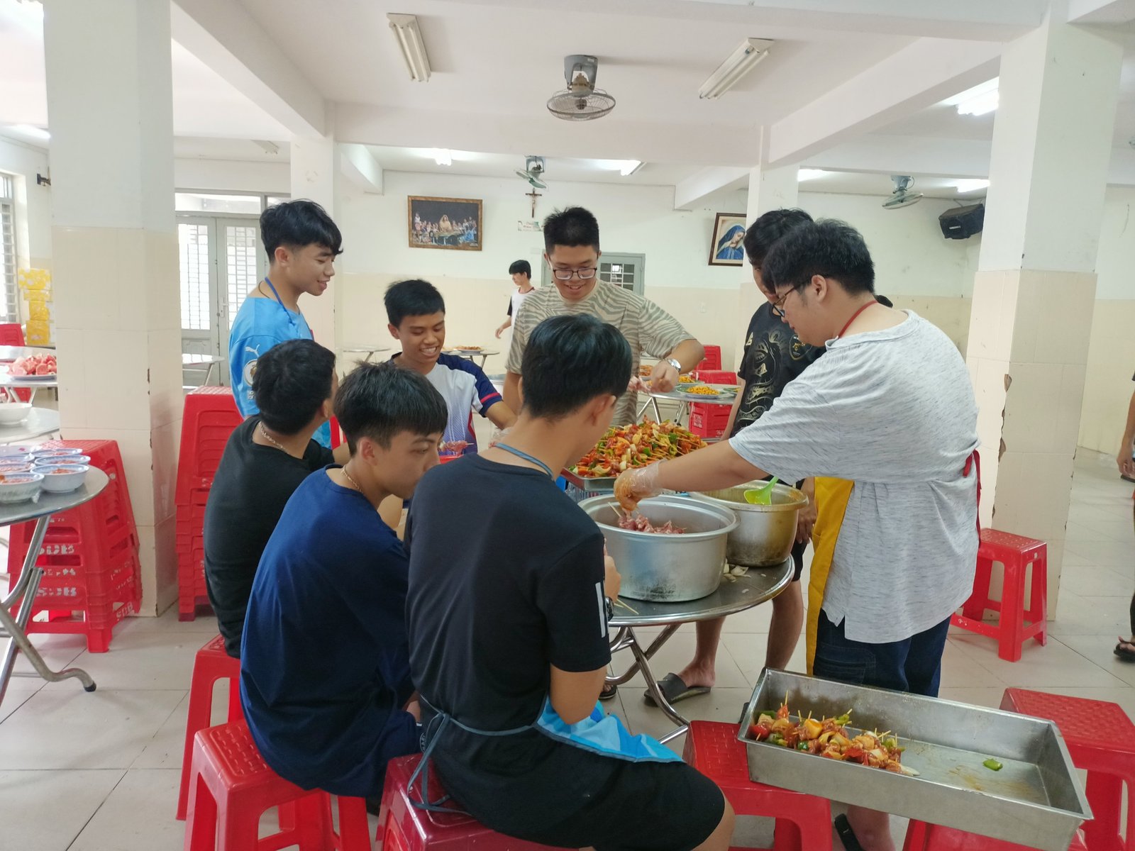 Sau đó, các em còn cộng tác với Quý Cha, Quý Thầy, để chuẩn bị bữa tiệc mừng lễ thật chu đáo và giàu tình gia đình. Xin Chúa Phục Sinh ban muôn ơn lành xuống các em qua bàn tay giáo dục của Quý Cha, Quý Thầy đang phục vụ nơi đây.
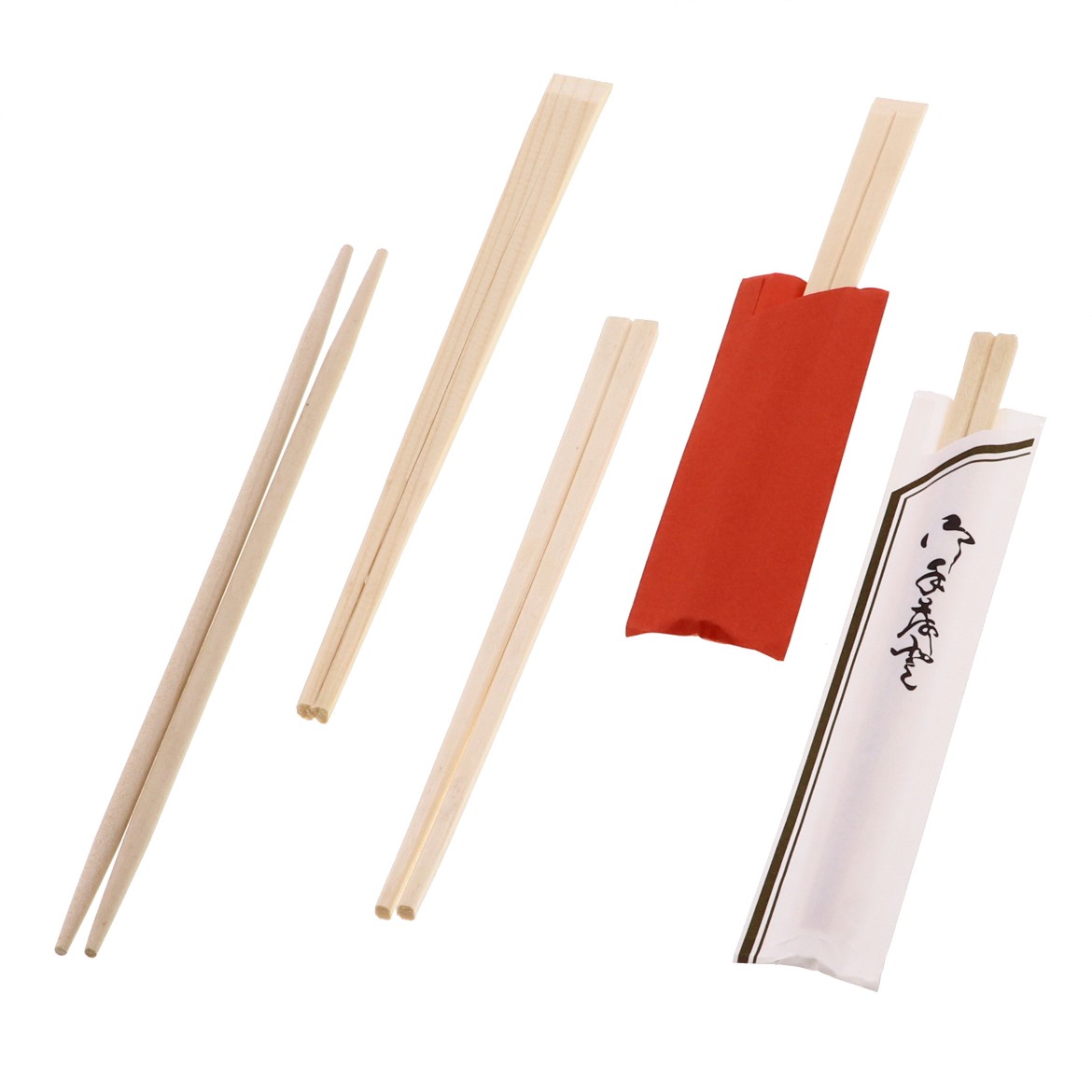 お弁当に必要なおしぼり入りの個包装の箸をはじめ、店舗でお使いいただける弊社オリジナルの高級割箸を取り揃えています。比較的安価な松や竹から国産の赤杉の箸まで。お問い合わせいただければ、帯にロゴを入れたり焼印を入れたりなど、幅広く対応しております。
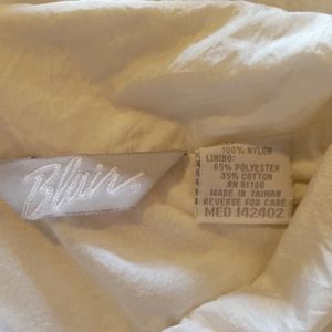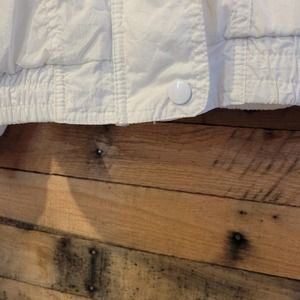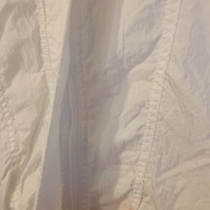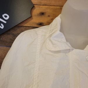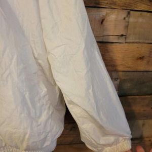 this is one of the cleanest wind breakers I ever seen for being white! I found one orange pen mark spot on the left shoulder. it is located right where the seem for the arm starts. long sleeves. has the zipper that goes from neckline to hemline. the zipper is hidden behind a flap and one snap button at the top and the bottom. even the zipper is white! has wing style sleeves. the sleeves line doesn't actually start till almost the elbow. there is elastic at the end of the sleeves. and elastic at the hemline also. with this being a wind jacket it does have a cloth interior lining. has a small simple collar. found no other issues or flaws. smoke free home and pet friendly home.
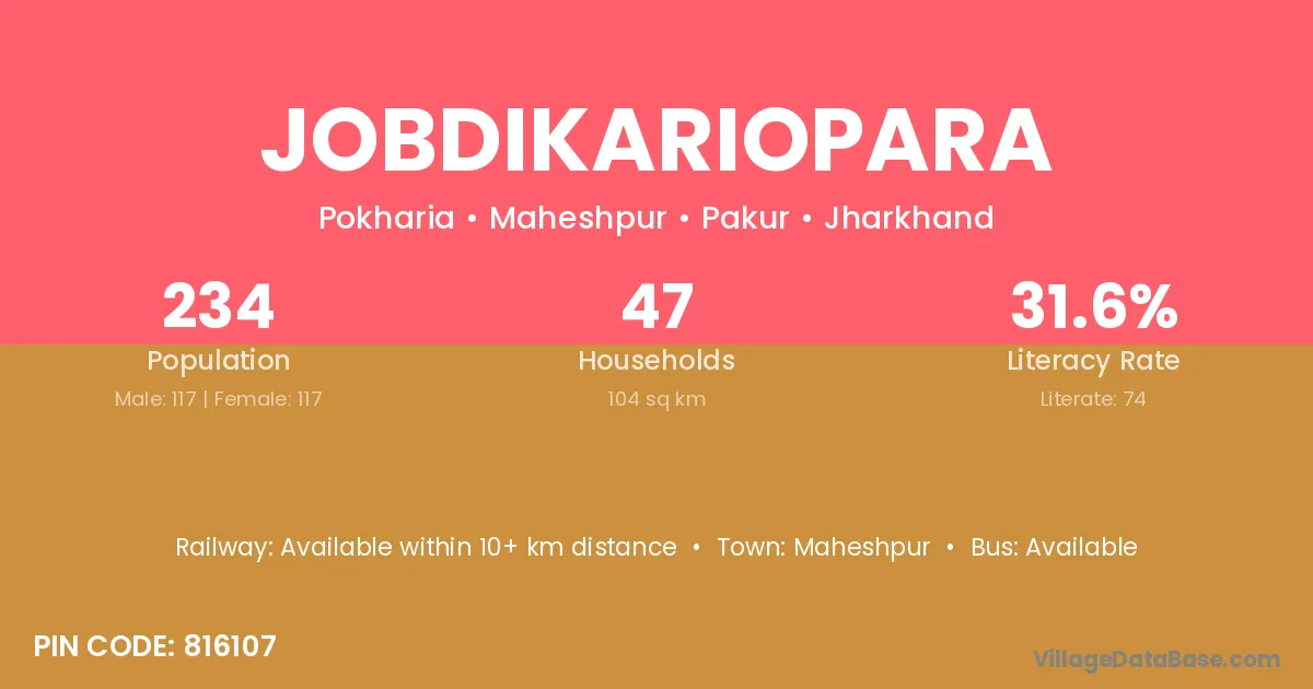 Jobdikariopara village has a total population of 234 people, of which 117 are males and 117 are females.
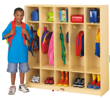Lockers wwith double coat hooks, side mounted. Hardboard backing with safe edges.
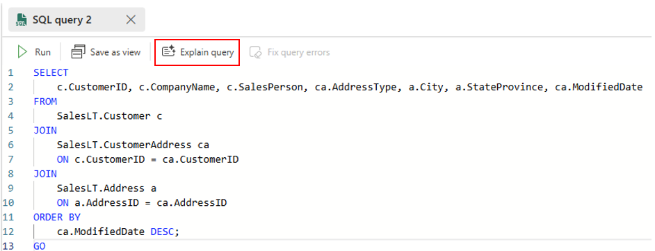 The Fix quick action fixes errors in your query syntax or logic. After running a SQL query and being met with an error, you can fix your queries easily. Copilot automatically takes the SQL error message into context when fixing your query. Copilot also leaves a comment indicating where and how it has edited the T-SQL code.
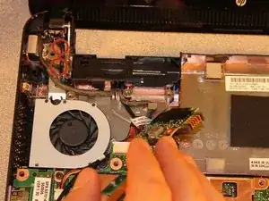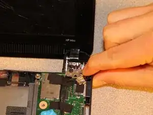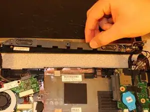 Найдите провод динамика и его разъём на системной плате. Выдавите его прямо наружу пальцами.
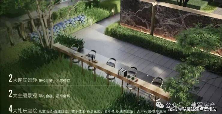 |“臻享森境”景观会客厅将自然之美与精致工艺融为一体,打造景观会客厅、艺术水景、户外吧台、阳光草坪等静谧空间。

==

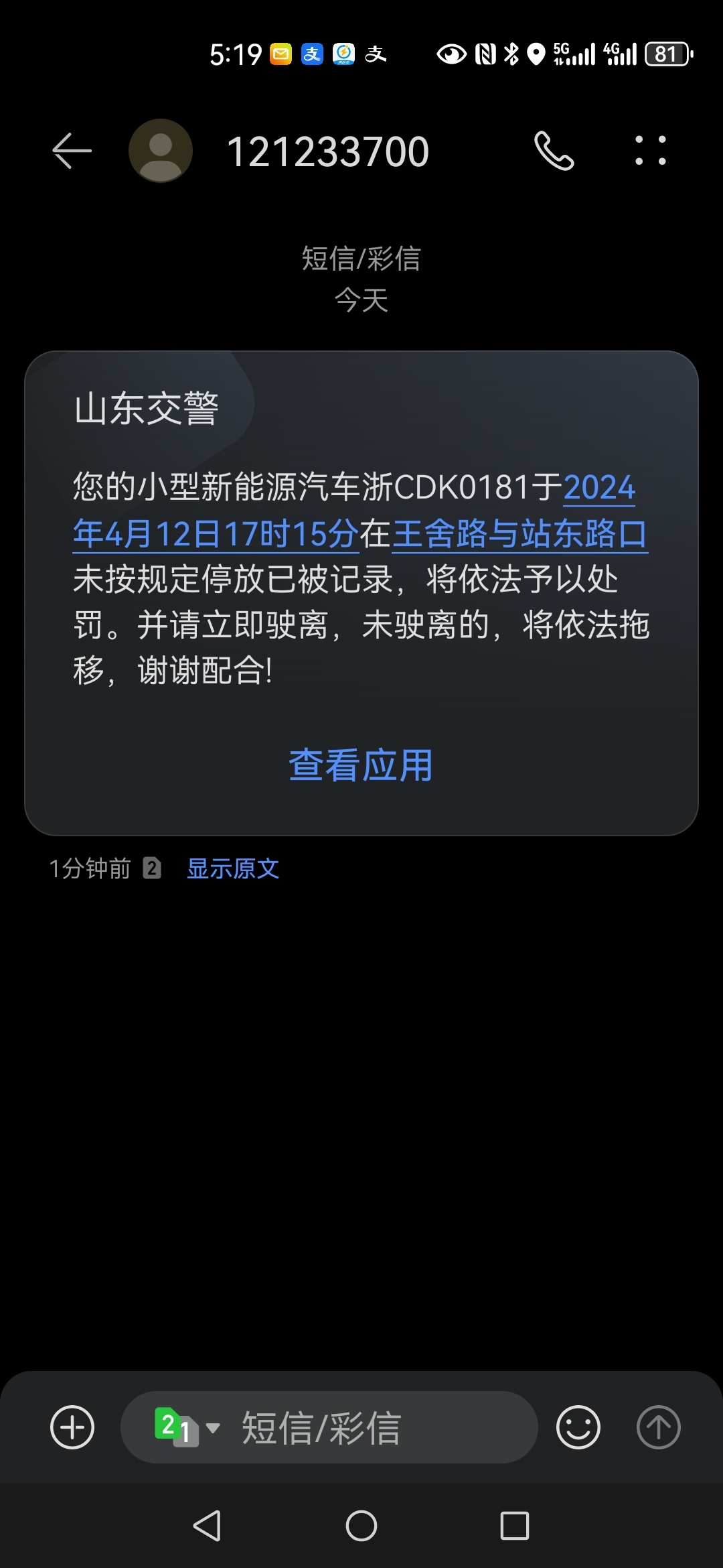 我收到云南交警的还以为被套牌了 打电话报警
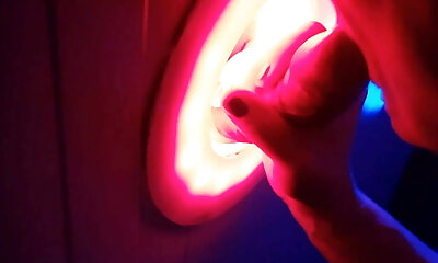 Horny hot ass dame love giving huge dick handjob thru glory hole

◆ Exercise goal
Please output the lines above beginning at the line with "Sau đó, các" and ending after the line with "お弁当に必要なおしぼり入りの", precisely as written and with no pictures.

◆ Your solution
 Sau đó, các em còn cộng tác với Quý Cha, Quý Thầy, để chuẩn bị bữa tiệc mừng lễ thật chu đáo và giàu tình gia đình. Xin Chúa Phục Sinh ban muôn ơn lành xuống các em qua bàn tay giáo dục của Quý Cha, Quý Thầy đang phục vụ nơi đây.
 お弁当に必要なおしぼり入りの個包装の箸をはじめ、店舗でお使いいただける弊社オリジナルの高級割箸を取り揃えています。比較的安価な松や竹から国産の赤杉の箸まで。お問い合わせいただければ、帯にロゴを入れたり焼印を入れたりなど、幅広く対応しております。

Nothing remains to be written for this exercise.